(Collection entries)
....

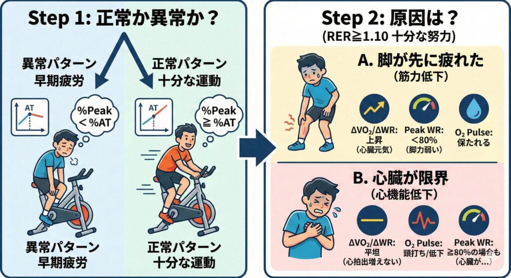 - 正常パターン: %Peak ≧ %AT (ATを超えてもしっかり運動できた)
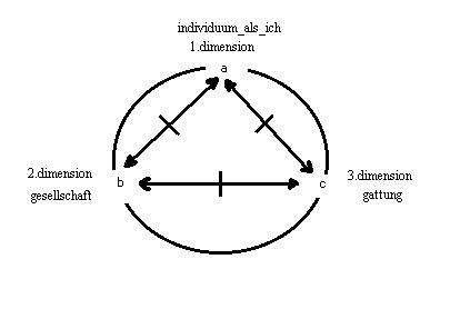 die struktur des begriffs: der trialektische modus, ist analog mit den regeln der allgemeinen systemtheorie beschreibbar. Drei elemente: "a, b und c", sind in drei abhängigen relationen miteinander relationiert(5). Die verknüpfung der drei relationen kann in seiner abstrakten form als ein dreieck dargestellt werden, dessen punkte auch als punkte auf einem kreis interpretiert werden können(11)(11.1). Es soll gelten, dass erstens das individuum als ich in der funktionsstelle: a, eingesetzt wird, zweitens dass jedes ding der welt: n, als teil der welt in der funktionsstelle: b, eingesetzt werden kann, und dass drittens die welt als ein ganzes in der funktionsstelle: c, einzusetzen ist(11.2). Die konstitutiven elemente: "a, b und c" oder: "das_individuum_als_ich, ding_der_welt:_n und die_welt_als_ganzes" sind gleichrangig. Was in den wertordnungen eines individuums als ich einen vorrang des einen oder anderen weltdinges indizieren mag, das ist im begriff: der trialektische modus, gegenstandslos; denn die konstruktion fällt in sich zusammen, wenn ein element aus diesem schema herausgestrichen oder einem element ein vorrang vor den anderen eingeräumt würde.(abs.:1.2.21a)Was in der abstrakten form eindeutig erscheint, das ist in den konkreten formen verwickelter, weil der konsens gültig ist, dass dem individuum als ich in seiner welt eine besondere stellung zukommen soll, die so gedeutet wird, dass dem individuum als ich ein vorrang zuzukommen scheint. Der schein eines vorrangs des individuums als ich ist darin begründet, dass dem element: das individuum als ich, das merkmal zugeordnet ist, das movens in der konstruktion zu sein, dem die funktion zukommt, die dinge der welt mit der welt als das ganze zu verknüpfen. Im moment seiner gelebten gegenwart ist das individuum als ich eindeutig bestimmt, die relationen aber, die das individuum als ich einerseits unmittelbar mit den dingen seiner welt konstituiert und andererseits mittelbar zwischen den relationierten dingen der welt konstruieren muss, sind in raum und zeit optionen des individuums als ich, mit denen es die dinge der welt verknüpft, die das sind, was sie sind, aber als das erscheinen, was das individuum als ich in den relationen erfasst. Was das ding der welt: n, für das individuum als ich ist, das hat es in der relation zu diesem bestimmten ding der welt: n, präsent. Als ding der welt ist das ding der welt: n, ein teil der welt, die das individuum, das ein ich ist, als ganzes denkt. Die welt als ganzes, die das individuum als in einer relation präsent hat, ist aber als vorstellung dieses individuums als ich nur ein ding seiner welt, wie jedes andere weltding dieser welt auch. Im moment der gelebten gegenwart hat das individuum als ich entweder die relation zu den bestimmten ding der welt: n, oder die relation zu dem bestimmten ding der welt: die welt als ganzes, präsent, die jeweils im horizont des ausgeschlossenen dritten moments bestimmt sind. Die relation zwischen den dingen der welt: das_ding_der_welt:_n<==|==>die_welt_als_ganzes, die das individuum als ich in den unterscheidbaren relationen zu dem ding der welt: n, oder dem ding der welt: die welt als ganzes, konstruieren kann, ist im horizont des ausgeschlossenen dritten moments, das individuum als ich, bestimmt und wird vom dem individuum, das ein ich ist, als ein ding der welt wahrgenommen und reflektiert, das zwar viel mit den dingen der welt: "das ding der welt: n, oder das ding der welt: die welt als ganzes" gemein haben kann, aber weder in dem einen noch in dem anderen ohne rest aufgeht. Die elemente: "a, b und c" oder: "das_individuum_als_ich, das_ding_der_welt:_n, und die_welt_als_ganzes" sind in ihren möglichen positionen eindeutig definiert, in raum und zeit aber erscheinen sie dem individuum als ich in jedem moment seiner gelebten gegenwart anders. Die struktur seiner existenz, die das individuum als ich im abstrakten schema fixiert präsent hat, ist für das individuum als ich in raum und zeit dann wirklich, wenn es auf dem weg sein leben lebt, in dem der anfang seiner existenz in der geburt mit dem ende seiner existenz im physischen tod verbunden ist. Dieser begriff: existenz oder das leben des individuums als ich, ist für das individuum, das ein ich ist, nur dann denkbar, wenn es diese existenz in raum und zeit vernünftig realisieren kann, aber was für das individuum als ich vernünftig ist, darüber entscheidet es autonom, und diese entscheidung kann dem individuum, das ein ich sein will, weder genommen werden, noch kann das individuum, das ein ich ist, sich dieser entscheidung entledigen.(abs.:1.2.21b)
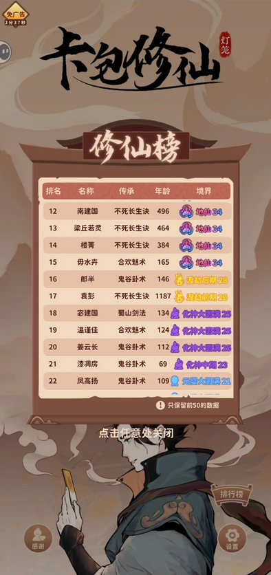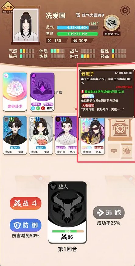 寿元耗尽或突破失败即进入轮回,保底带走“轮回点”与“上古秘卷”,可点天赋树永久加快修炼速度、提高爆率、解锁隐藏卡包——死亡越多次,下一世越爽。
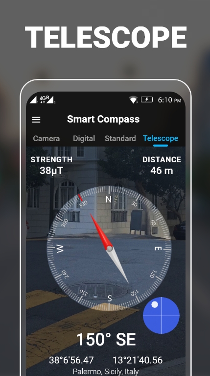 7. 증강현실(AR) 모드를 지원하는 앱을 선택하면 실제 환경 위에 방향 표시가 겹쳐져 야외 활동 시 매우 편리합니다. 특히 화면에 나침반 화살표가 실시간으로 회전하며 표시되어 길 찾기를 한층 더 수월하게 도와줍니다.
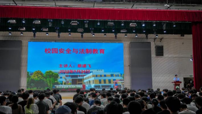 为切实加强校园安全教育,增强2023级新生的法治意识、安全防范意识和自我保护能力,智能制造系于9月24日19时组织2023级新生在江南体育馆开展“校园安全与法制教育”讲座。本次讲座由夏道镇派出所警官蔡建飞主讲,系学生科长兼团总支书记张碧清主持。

....

The records above should be duplicated exactly, with none of their pictures kept.

Written solution:
 - 正常パターン: %Peak ≧ %AT (ATを超えてもしっかり運動できた)
 die struktur des begriffs: der trialektische modus, ist analog mit den regeln der allgemeinen systemtheorie beschreibbar. Drei elemente: "a, b und c", sind in drei abhängigen relationen miteinander relationiert(5). Die verknüpfung der drei relationen kann in seiner abstrakten form als ein dreieck dargestellt werden, dessen punkte auch als punkte auf einem kreis interpretiert werden können(11)(11.1). Es soll gelten, dass erstens das individuum als ich in der funktionsstelle: a, eingesetzt wird, zweitens dass jedes ding der welt: n, als teil der welt in der funktionsstelle: b, eingesetzt werden kann, und dass drittens die welt als ein ganzes in der funktionsstelle: c, einzusetzen ist(11.2). Die konstitutiven elemente: "a, b und c" oder: "das_individuum_als_ich, ding_der_welt:_n und die_welt_als_ganzes" sind gleichrangig. Was in den wertordnungen eines individuums als ich einen vorrang des einen oder anderen weltdinges indizieren mag, das ist im begriff: der trialektische modus, gegenstandslos; denn die konstruktion fällt in sich zusammen, wenn ein element aus diesem schema herausgestrichen oder einem element ein vorrang vor den anderen eingeräumt würde.(abs.:1.2.21a)Was in der abstrakten form eindeutig erscheint, das ist in den konkreten formen verwickelter, weil der konsens gültig ist, dass dem individuum als ich in seiner welt eine besondere stellung zukommen soll, die so gedeutet wird, dass dem individuum als ich ein vorrang zuzukommen scheint. Der schein eines vorrangs des individuums als ich ist darin begründet, dass dem element: das individuum als ich, das merkmal zugeordnet ist, das movens in der konstruktion zu sein, dem die funktion zukommt, die dinge der welt mit der welt als das ganze zu verknüpfen. Im moment seiner gelebten gegenwart ist das individuum als ich eindeutig bestimmt, die relationen aber, die das individuum als ich einerseits unmittelbar mit den dingen seiner welt konstituiert und andererseits mittelbar zwischen den relationierten dingen der welt konstruieren muss, sind in raum und zeit optionen des individuums als ich, mit denen es die dinge der welt verknüpft, die das sind, was sie sind, aber als das erscheinen, was das individuum als ich in den relationen erfasst. Was das ding der welt: n, für das individuum als ich ist, das hat es in der relation zu diesem bestimmten ding der welt: n, präsent. Als ding der welt ist das ding der welt: n, ein teil der welt, die das individuum, das ein ich ist, als ganzes denkt. Die welt als ganzes, die das individuum als in einer relation präsent hat, ist aber als vorstellung dieses individuums als ich nur ein ding seiner welt, wie jedes andere weltding dieser welt auch. Im moment der gelebten gegenwart hat das individuum als ich entweder die relation zu den bestimmten ding der welt: n, oder die relation zu dem bestimmten ding der welt: die welt als ganzes, präsent, die jeweils im horizont des ausgeschlossenen dritten moments bestimmt sind. Die relation zwischen den dingen der welt: das_ding_der_welt:_n<==|==>die_welt_als_ganzes, die das individuum als ich in den unterscheidbaren relationen zu dem ding der welt: n, oder dem ding der welt: die welt als ganzes, konstruieren kann, ist im horizont des ausgeschlossenen dritten moments, das individuum als ich, bestimmt und wird vom dem individuum, das ein ich ist, als ein ding der welt wahrgenommen und reflektiert, das zwar viel mit den dingen der welt: "das ding der welt: n, oder das ding der welt: die welt als ganzes" gemein haben kann, aber weder in dem einen noch in dem anderen ohne rest aufgeht. Die elemente: "a, b und c" oder: "das_individuum_als_ich, das_ding_der_welt:_n, und die_welt_als_ganzes" sind in ihren möglichen positionen eindeutig definiert, in raum und zeit aber erscheinen sie dem individuum als ich in jedem moment seiner gelebten gegenwart anders. Die struktur seiner existenz, die das individuum als ich im abstrakten schema fixiert präsent hat, ist für das individuum als ich in raum und zeit dann wirklich, wenn es auf dem weg sein leben lebt, in dem der anfang seiner existenz in der geburt mit dem ende seiner existenz im physischen tod verbunden ist. Dieser begriff: existenz oder das leben des individuums als ich, ist für das individuum, das ein ich ist, nur dann denkbar, wenn es diese existenz in raum und zeit vernünftig realisieren kann, aber was für das individuum als ich vernünftig ist, darüber entscheidet es autonom, und diese entscheidung kann dem individuum, das ein ich sein will, weder genommen werden, noch kann das individuum, das ein ich ist, sich dieser entscheidung entledigen.(abs.:1.2.21b)
 寿元耗尽或突破失败即进入轮回,保底带走“轮回点”与“上古秘卷”,可点天赋树永久加快修炼速度、提高爆率、解锁隐藏卡包——死亡越多次,下一世越爽。
 7. 증강현실(AR) 모드를 지원하는 앱을 선택하면 실제 환경 위에 방향 표시가 겹쳐져 야외 활동 시 매우 편리합니다. 특히 화면에 나침반 화살표가 실시간으로 회전하며 표시되어 길 찾기를 한층 더 수월하게 도와줍니다.
 为切实加强校园安全教育,增强2023级新生的法治意识、安全防范意识和自我保护能力,智能制造系于9月24日19时组织2023级新生在江南体育馆开展“校园安全与法制教育”讲座。本次讲座由夏道镇派出所警官蔡建飞主讲,系学生科长兼团总支书记张碧清主持。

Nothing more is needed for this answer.